Lisa Takata









I didn't pay much attention the first two times a police helicopter circled overhead while I made photographs on a moonless night in my Phoenix backyard. But when the patrol car pulled up at the end of the driveway, I did stop for a moment and wonder what was going on. I guess they did, too. Yes officer, I know it's 2 a.m. and it might seem a little strange to be running around in complete darkness with giant pieces of watercolor paper, a slide projector and three kiddie play pools filled with photo development chemicals. But this adventure is too big to be contained by the constraints of an indoor darkroom, and too interesting to let a good night's sleep get in the way. Officer, this is not some outdoor meth lab operation, and I'm not crazy . . . I'm just making art

For me, photography is a means of telling visual stories. The artwork I create pushes past the boundaries of verbal storytelling into languages of historic photographic processes (bromoil, cyanotype, gum bichromate). I hope to engage viewers in wanting to know more and encourage them to give their own stories a voice. Some of these images were created during artist residencies at Rocky Mountain National Park and Yosemite National Park. I hiked 70 miles per week during each residency, but also had plenty of opportunity to sit and enjoy a sunset, read the writings of John Muir or observe the changing seasons.

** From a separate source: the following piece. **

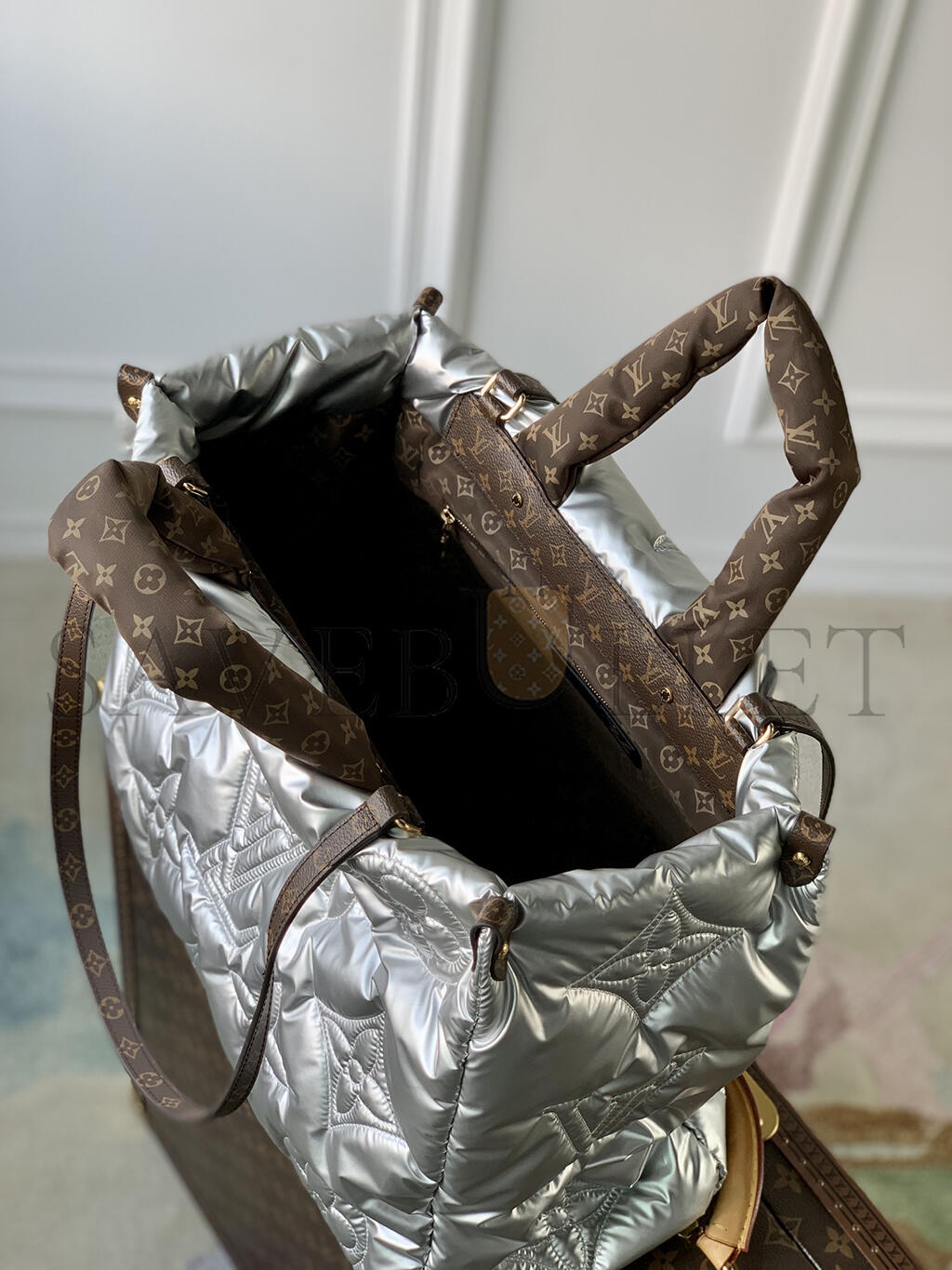 A sporty-chic tote with room for all the essentials: the LV Pillow OnTheGo GM is a stand-out piece for the winter season. Eco-designed using recycled and sustainable materials, it is made from silvery padded nylon, embroidered with Monogram motifs. With padded top handles and two long canvas straps, the bag is easy to wear and comfortable to carry.
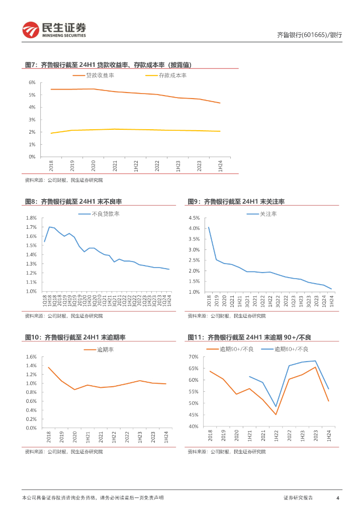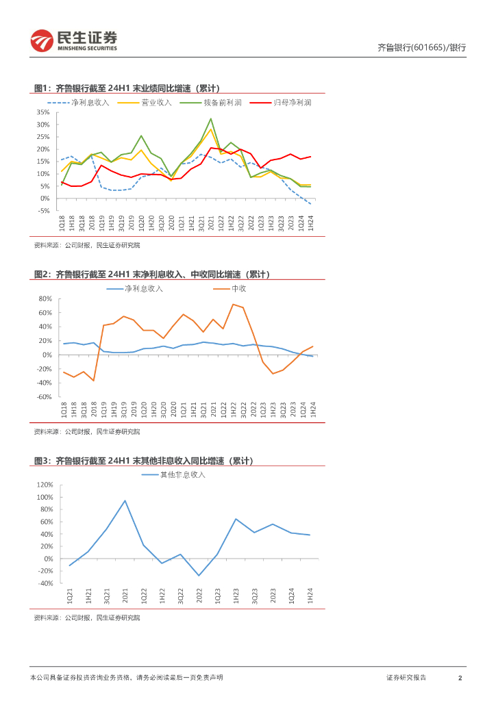 民生证券:齐鲁银行(601665)-2024年半年报点评:规模与业绩高增,资产质量改善.pdf

Over the past several years I have also been strongly influenced by three extended visits to Ecuador and Peru, where I studied pottery with local artisans, photographed their lives and heard their stories. They, too live in a place and time where their lives for the most part are unrecorded by photographs or storytelling. One of my personal goals is to create such a record of these remarkable artists and their vanishing craft during future travels to South America.